Dear Editor,
I do not usually bother to read anything that Moses Nagamootoo writes; I do not think anybody does. But l decided for a lark to see what he was up to in his July 26th “My Turn” column.
Nagamootoo did not fail to live up to my expectations. Predictable as always he has the uncanny ability to take things out of context to support his agenda, and, within a short time, he can do a complete somersault with the same information and go in the opposite direction.
Ever opportunistic, he pulled random statements from no less than Dr. Cheddi Jagan, President Carter and the Carter Center to support his government’s non-existent “olive branch” offer to the “Opposition” in the context of an ethnic upheaval.

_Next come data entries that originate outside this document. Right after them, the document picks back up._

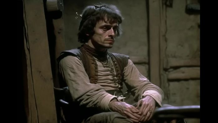 Nhân vật Wirt trong Diablo I được AI biểu diễn theo phong cách hình ảnh thập niên 80. Chúng ta có thể thấy bàn tay của nhân vật vẫn... không giống bàn tay thực sự - Ảnh: YouTube.
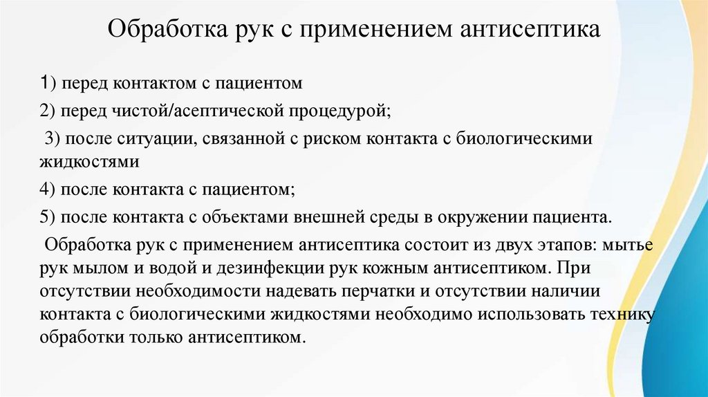 Обработка рук с применением антисептика1) перед контактом с пациентом
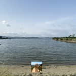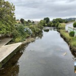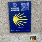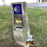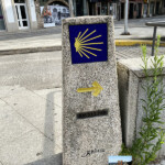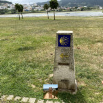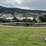 Seguimos al borde la ría y pasamos junto al hito del km 100 hasta Santiago y ya divisamos una pasarela peatonal que nos permite cruzar la ría para llegar al albergue de peregrinos.
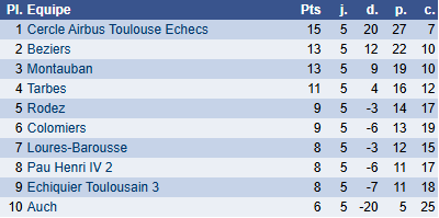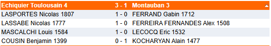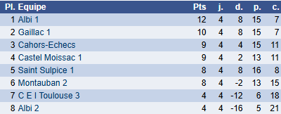Montauban 4, la baroudeuse, jouait aussi contre un prétendant à la première place de son groupe. Et avec cette nouvelle composition d’équipe, elle réalise un énorme exploit en tenant en échec son hôte de L’isle Jourdain. L’inversion audacieuse est récompensée, bravo à Marin pour la victoire, aux nulles importantes de Joseph et Gautier, et au sacrifice de Julien dans une compo très intelligente. L’équipe peut viser le milieu du classement et devrait bientôt connaître la victoire.
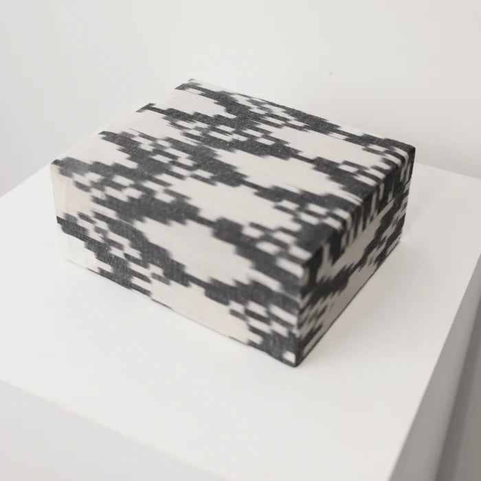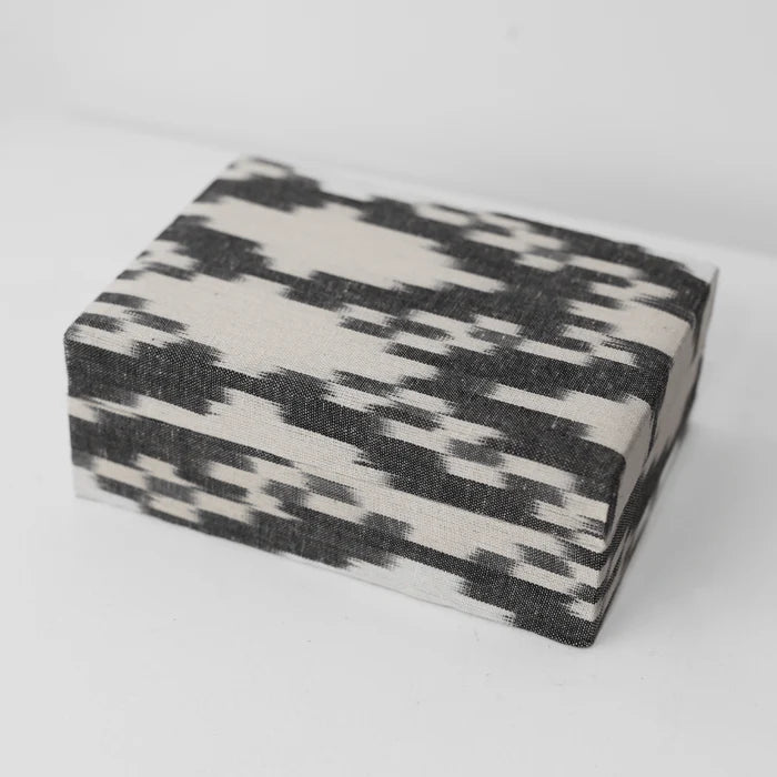 Ikat Fabric Tan Black Arrow is woven fabric. This gorgeous cotton Ikat is lightweight and airy with a delicate woven pattern of arrow on a grey base.
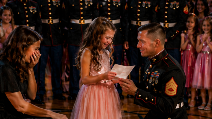 I never imagined my daughter’s night at the father-daughter dance would end in quiet tears… until a group of Marines walked into the gym and changed everything. In a moment where grief met pride, I realized just how far love and loyalty can reach. That night, Daniel’s promise found its way back to us.
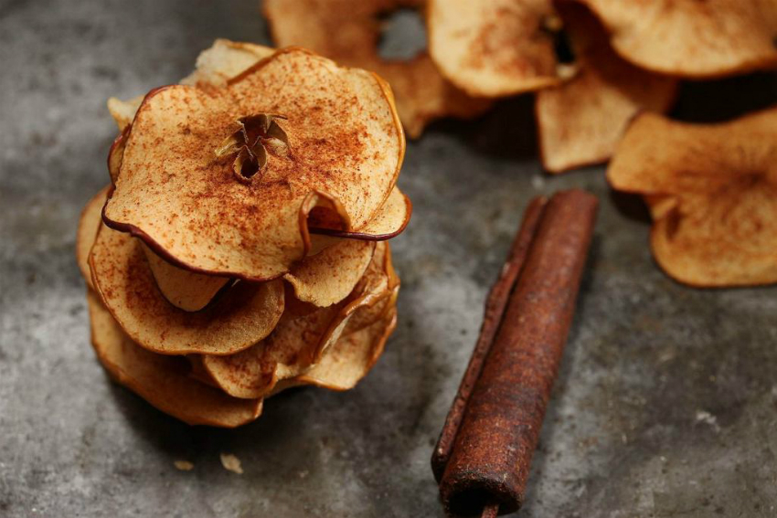 | Bir fırın tepsisine yağlı kağıt ser ve elma dilimlerini yerleştir. |

This was nothing but a transparent effort by him to make himself relevant; to remind people he is still important. In this he failed abysmally.
Everyone knows that the PPP/C is no longer the Opposition but the ‘government in waiting’. David Granger’s locus standi is merely to hand over the government to the legitimately elected President and government.
Nagamootoo’s “olive branch” is laced with desperation; he too has no locus standi, even if the APNU+AFC Coalition had won he was cast aside. In fact, he is desperately ‘singing for his supper’ as soon he may have no US visa or green card. He, like others in Granger’s band, is responsible for undermining democracy and putting the Guyanese people through this tortuous path created solely by Granger and APNU+AFC leaders to subvert the will of the Guyanese people and steal the election of March 2, 2020.
Nagamootoo lost any relevance in Guyana when he became the right hand man to Granger and the PNC, an ever willing participant and apologist for their corruption, incompetence and anti-people policies. Now Nagamootoo is trying to dress up their hijacking of the elections and attempted electoral coup with offers of an “olive branch.”
Again, like most things Nagamootoo says, it is all vacuous like standing in quick sand (“sucking sand”) it all vanishes.